Although the data below holds other lines too, output only those from the line with "フロントに段状のフリルを重ねた、存在感のあるデザインブラウス。" up to and including the line with "Paikallisista Alsacen alueen", exactly as they appear.

# Extracted data
--- START ---
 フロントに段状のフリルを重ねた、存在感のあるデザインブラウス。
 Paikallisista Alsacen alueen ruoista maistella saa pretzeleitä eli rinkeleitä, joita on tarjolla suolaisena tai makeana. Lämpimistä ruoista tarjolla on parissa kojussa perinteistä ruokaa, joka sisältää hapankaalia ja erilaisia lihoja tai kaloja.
--- END ---
--- START ---
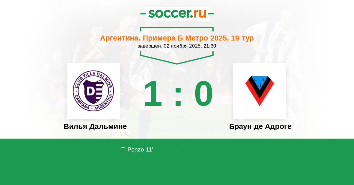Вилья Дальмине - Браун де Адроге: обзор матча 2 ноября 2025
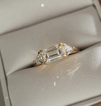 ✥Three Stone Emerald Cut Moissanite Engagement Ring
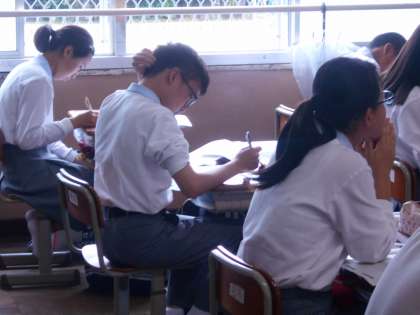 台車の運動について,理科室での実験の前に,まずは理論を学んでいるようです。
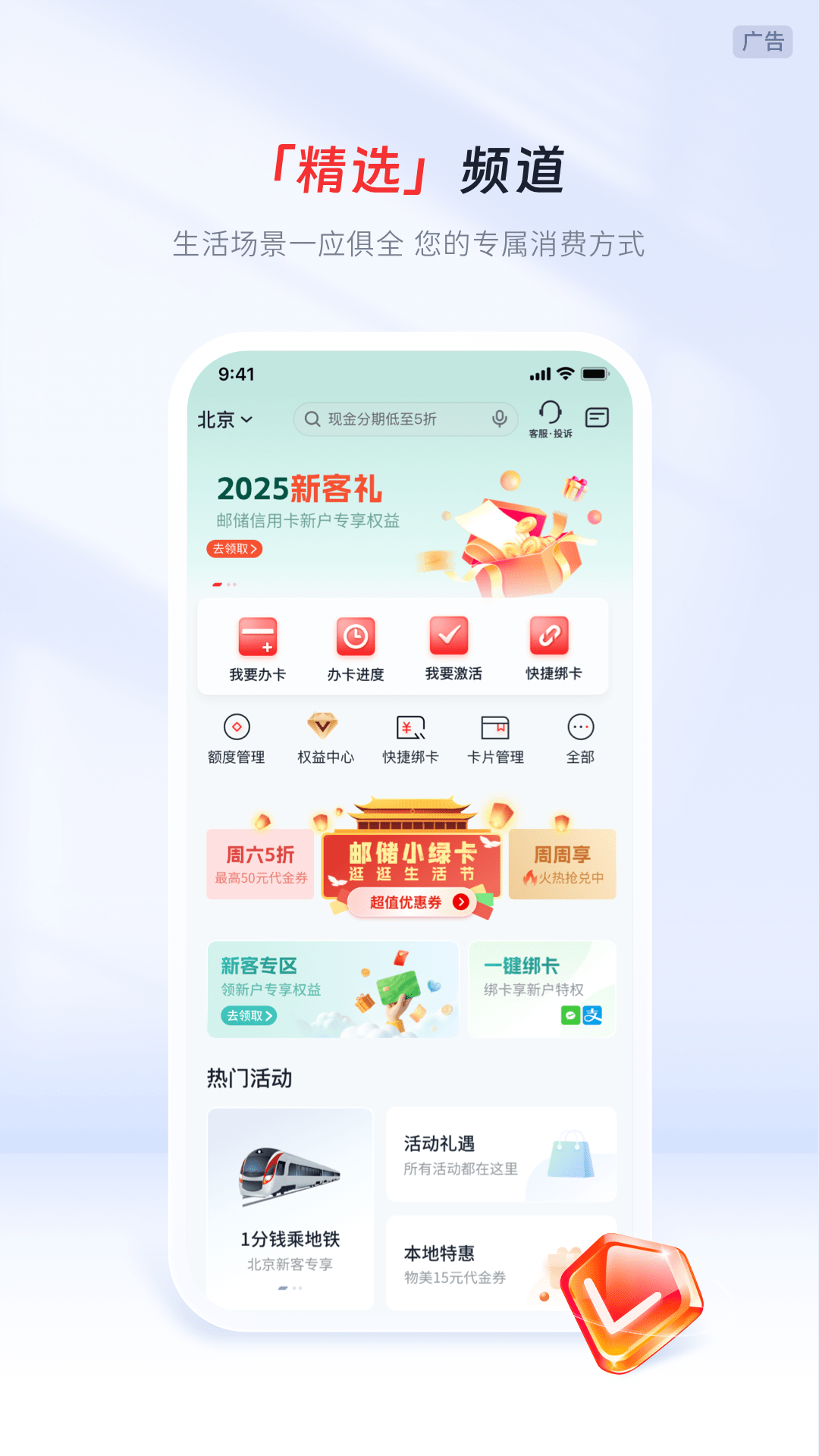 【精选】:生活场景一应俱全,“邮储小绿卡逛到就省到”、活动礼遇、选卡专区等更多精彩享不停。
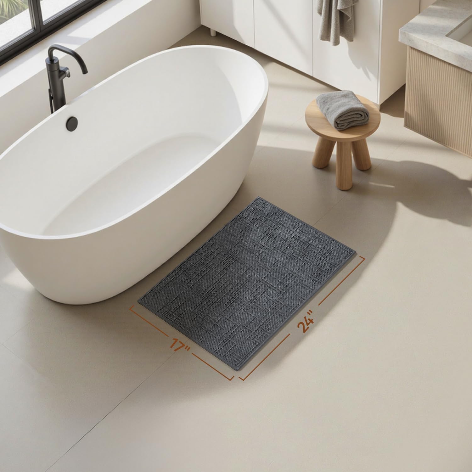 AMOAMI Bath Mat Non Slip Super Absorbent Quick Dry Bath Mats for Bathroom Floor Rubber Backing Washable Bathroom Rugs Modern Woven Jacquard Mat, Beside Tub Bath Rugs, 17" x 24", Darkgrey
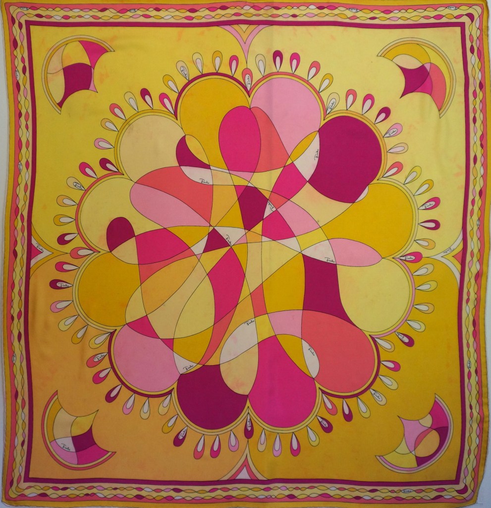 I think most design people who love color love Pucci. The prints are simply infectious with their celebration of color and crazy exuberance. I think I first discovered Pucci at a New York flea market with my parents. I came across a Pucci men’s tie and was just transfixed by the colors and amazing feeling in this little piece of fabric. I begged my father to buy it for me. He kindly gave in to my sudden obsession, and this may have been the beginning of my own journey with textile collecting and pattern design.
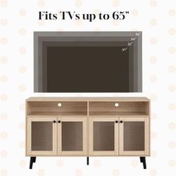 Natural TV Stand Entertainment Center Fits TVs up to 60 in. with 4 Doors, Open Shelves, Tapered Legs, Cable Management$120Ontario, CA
--- END ---
# Finished exercise
 フロントに段状のフリルを重ねた、存在感のあるデザインブラウス。
 Paikallisista Alsacen alueen ruoista maistella saa pretzeleitä eli rinkeleitä, joita on tarjolla suolaisena tai makeana. Lämpimistä ruoista tarjolla on parissa kojussa perinteistä ruokaa, joka sisältää hapankaalia ja erilaisia lihoja tai kaloja.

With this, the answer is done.